> [Work to be completed]:
Return the stretch from the line with "Dieses hochwertige Whisky" through the line with "和辽宁天衡智通防务科技有限公" in the data below, character for character, skipping all pictures.

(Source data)
--*--

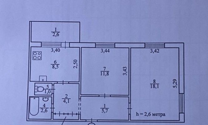 Загальна площа квартири 55кв.м
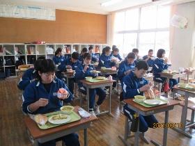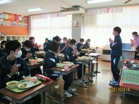3年生の各クラスをのぞいてみると、残すところ今回の給食を含めて2回しか食べることができない給食を、みんなで楽しくそして美味しそうに笑顔で食べていました。
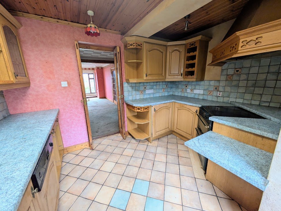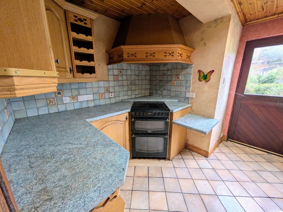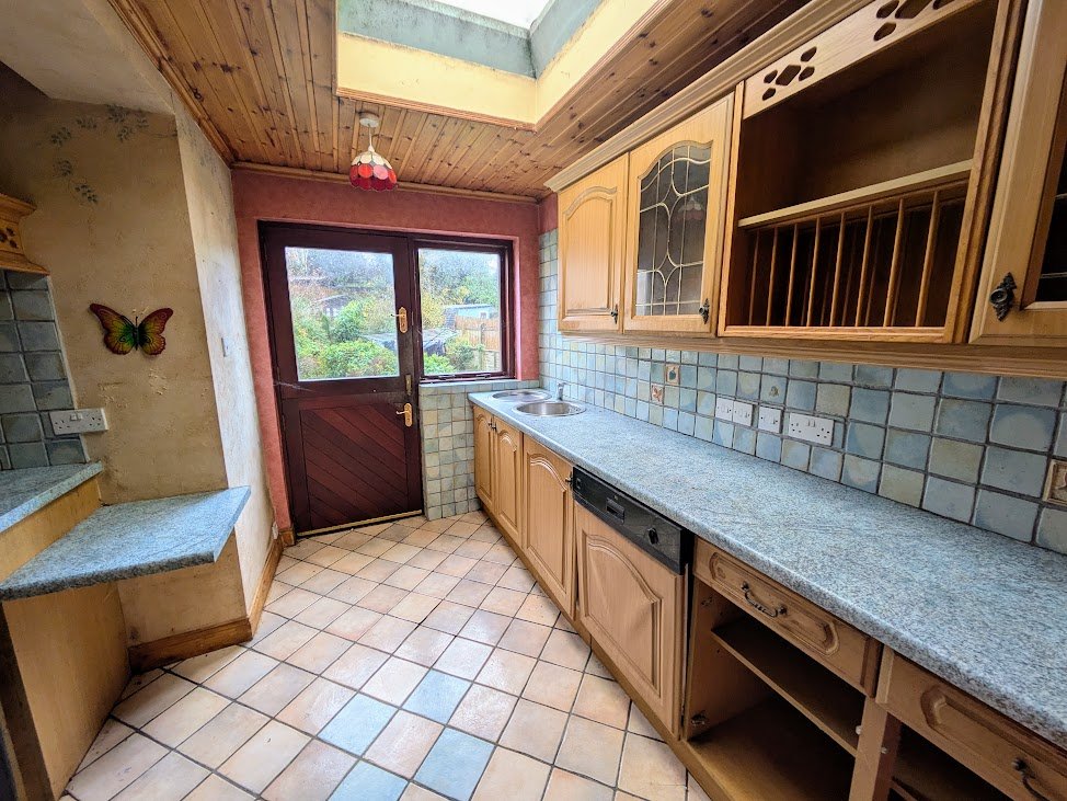 Stainless steel sink unit, laminate work surfaces, cooker space,fully tiled walls, ceramic tiled floor, tongue and groove ceiling, roof light, hard wood door to garden.
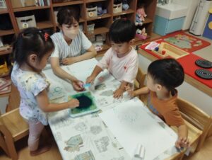 「やさいのおなか」の絵本を読んでから始め、「これは人参。」「オクラ。」とお野菜のお名前を言ってスタンプしていました🥕
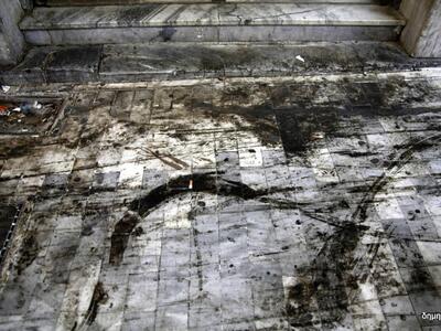Λιγο πιο κάτω, επί της Αγίου Ανδρέου, επίσης στο πεζοδρόμιο υπάρχει μια τεράστια κηλίδα απο ταγκισμένα λίπη εξίσου αποκρουστική.
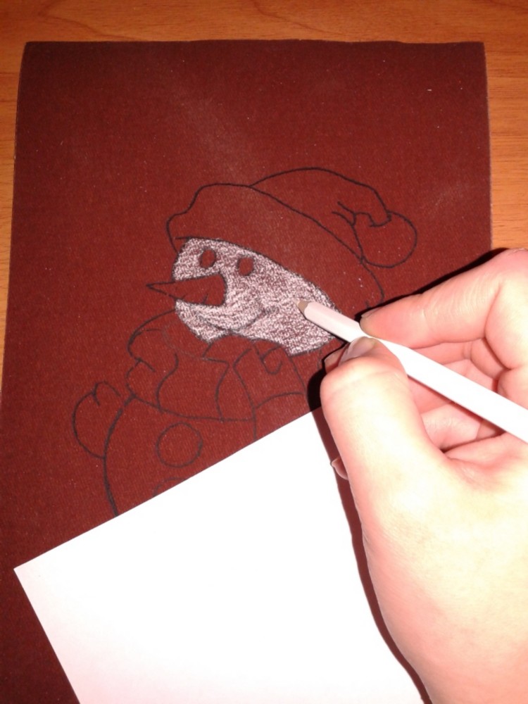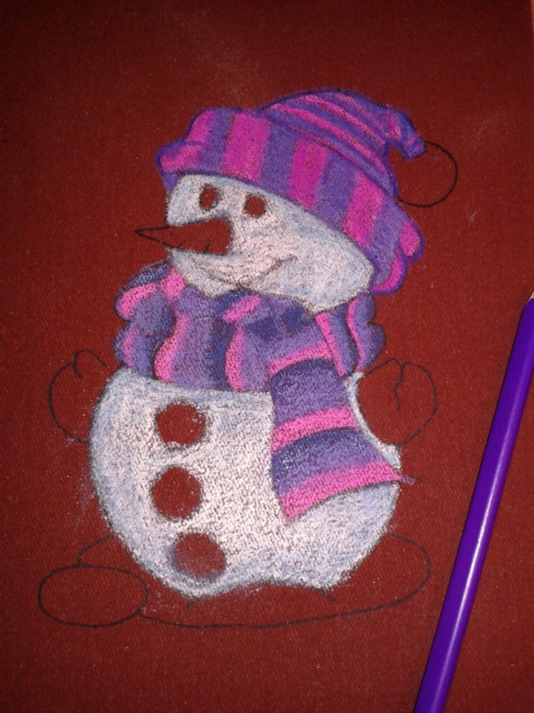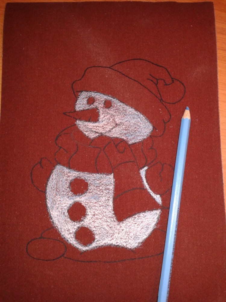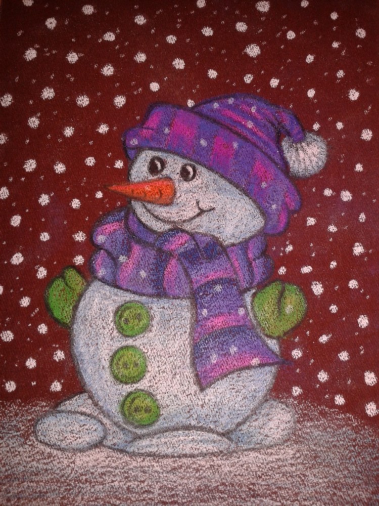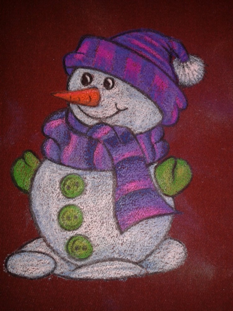 На листе белой бумаги (170*240) простым карандашом нарисовать снеговика. Можно использовать готовую картинку
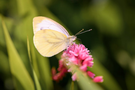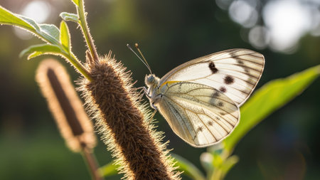 Butterfly on a plant in the garden. Selective focus.
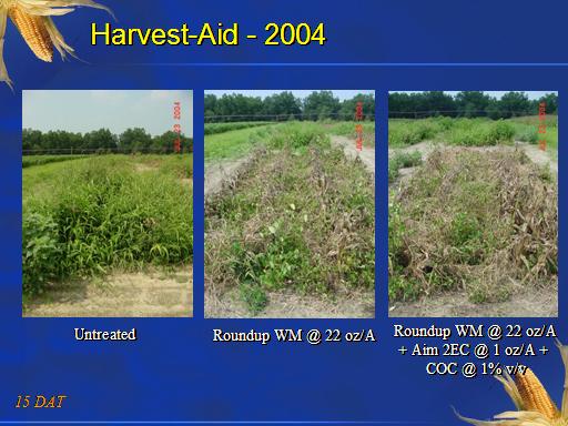Harvest-Aid - 2004<BR>Untreated<BR>Roundup WM @ 22 oz/A<BR>Roundup WM @ 22 oz/A <BR>+ Aim 2EC @ 1 oz/A +  <BR>COC @ 1% v/v<BR>15 DAT<BR>
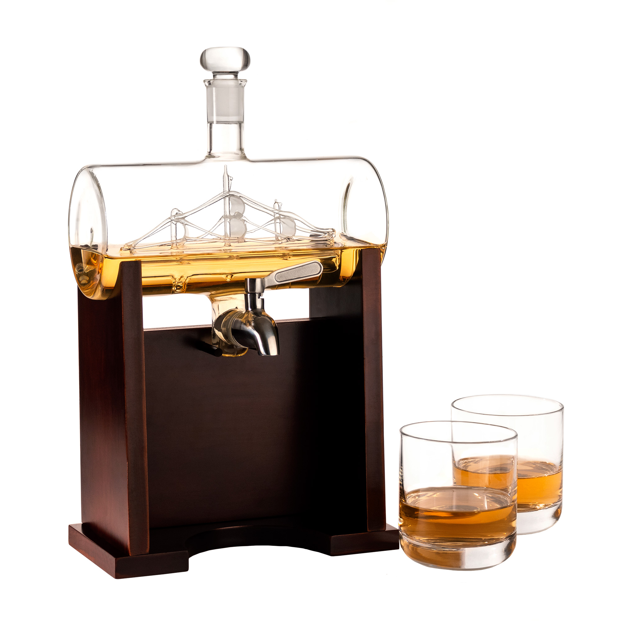 Dieses hochwertige Whisky Set überzeugt durch seine außergewöhnliche Fass-Optik und wird zum stilvollen Blickfang in jeder Hausbar. Die elegante Karaffe in Barrel-Form besteht aus klarem Glas und beherbergt ein detailreiches Segelschiff im Inneren, das dem Dekanter eine besondere Tiefe und maritime Eleganz verleiht. Präsentiert wird die Karaffe auf einem stabilen Echtholz-Ständer, der das edle Gesamtbild harmonisch abrundet.
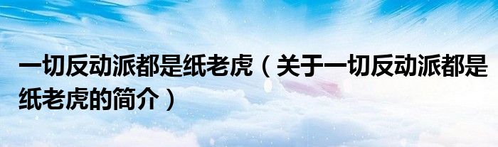 大家好,一切反动派都是纸老虎,关于一切反动派都是纸老虎的简介很多人还不知道,现在让我们一起来看看吧!
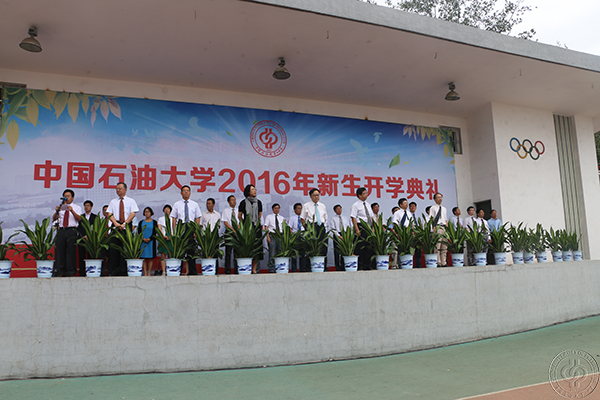 9月1日上午,中国石油大学在红旗操场举行2016年新生开学典礼,欢迎4000多名新同学的到来。校领导张来斌、刚文哲、雷玉江、吴小林、徐春明、庞雄奇,副校级干部鲍志东以及各学院和相关职能部门负责人出席了典礼。典礼由党委副书记雷玉江主持。
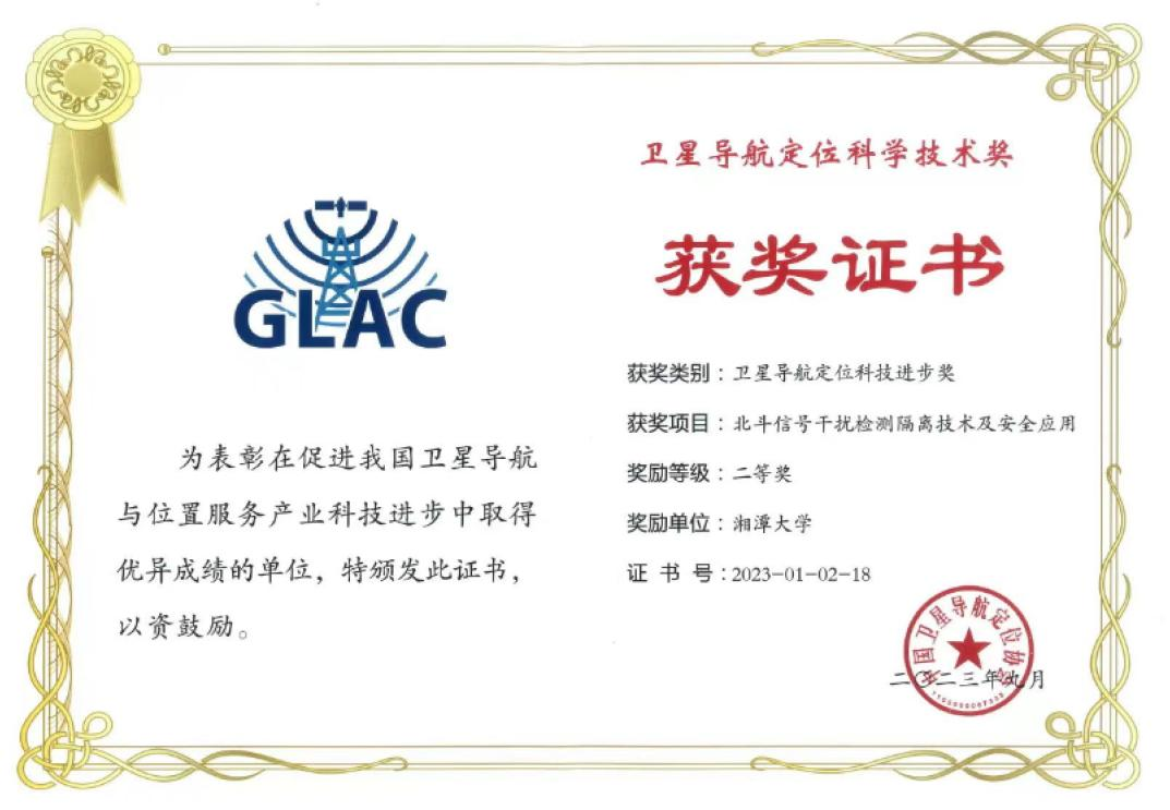 和辽宁天衡智通防务科技有限公司联合申报的“北斗信号干扰检测隔离技术及安全应用”项目荣获2023年度中国卫星导航定位科技进步奖二等奖,“智能可信导航与定位”湖南省重点实验室团队的姚志强教授、邓敏讲师、陈洋卓讲师、盛孟刚副教授、蔡晓雯副教授等为项目主要完成人。
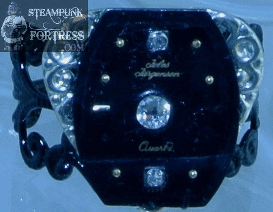 BLACK JULES JURGENSEN AUTHENTIC GENUINE WATCH CLOCK DIAL FACE CLEAR SWAROVSKI CRYSTAL SILVER FILIGREE HEART ADJUSTABLE RING STARR WILDE STEAMPUNK FORTRESS
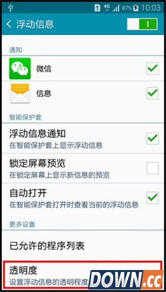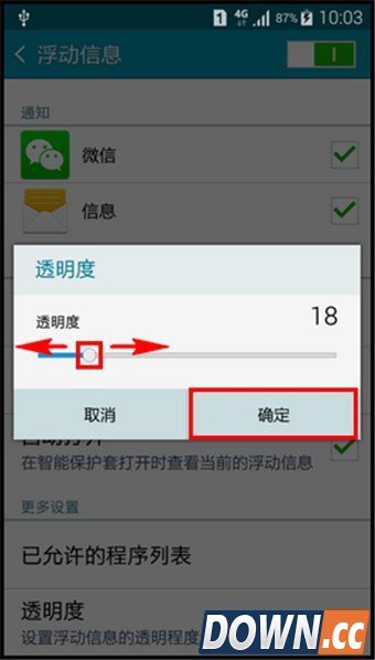 11.将【透明度】的滚动条向左或向右滑动,可以调节浮动信息的透明度,调整完成后,点击【确定】。
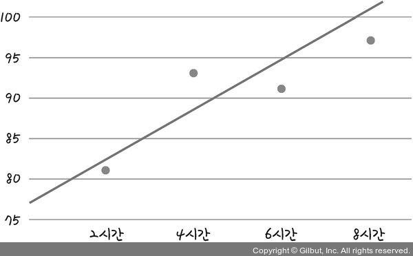 먼저 대강 선을 그어 보기 위해 기울기 a와 y 절편 b를 임의의 수 3과 76이라고 가정해 보겠습니다. y = 3x + 76인 선을 그려 보면 그림 4-6과 같습니다.
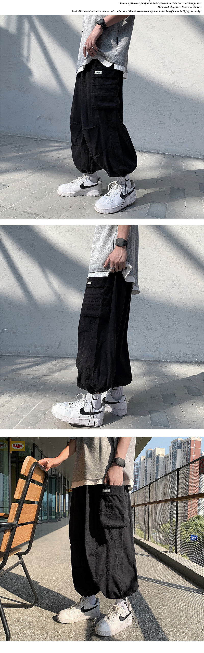카고 바지 남성용 가을 얇은 느슨한 캐주얼 바지 홍콩 스타일 하이 스트리트 트렌디 스트리트 프라이 잘생긴 발목 길이 바지스토어 가기

--*--

> [Result of the task]:
 Dieses hochwertige Whisky Set überzeugt durch seine außergewöhnliche Fass-Optik und wird zum stilvollen Blickfang in jeder Hausbar. Die elegante Karaffe in Barrel-Form besteht aus klarem Glas und beherbergt ein detailreiches Segelschiff im Inneren, das dem Dekanter eine besondere Tiefe und maritime Eleganz verleiht. Präsentiert wird die Karaffe auf einem stabilen Echtholz-Ständer, der das edle Gesamtbild harmonisch abrundet.
 大家好,一切反动派都是纸老虎,关于一切反动派都是纸老虎的简介很多人还不知道,现在让我们一起来看看吧!
 9月1日上午,中国石油大学在红旗操场举行2016年新生开学典礼,欢迎4000多名新同学的到来。校领导张来斌、刚文哲、雷玉江、吴小林、徐春明、庞雄奇,副校级干部鲍志东以及各学院和相关职能部门负责人出席了典礼。典礼由党委副书记雷玉江主持。
 和辽宁天衡智通防务科技有限公司联合申报的“北斗信号干扰检测隔离技术及安全应用”项目荣获2023年度中国卫星导航定位科技进步奖二等奖,“智能可信导航与定位”湖南省重点实验室团队的姚志强教授、邓敏讲师、陈洋卓讲师、盛孟刚副教授、蔡晓雯副教授等为项目主要完成人。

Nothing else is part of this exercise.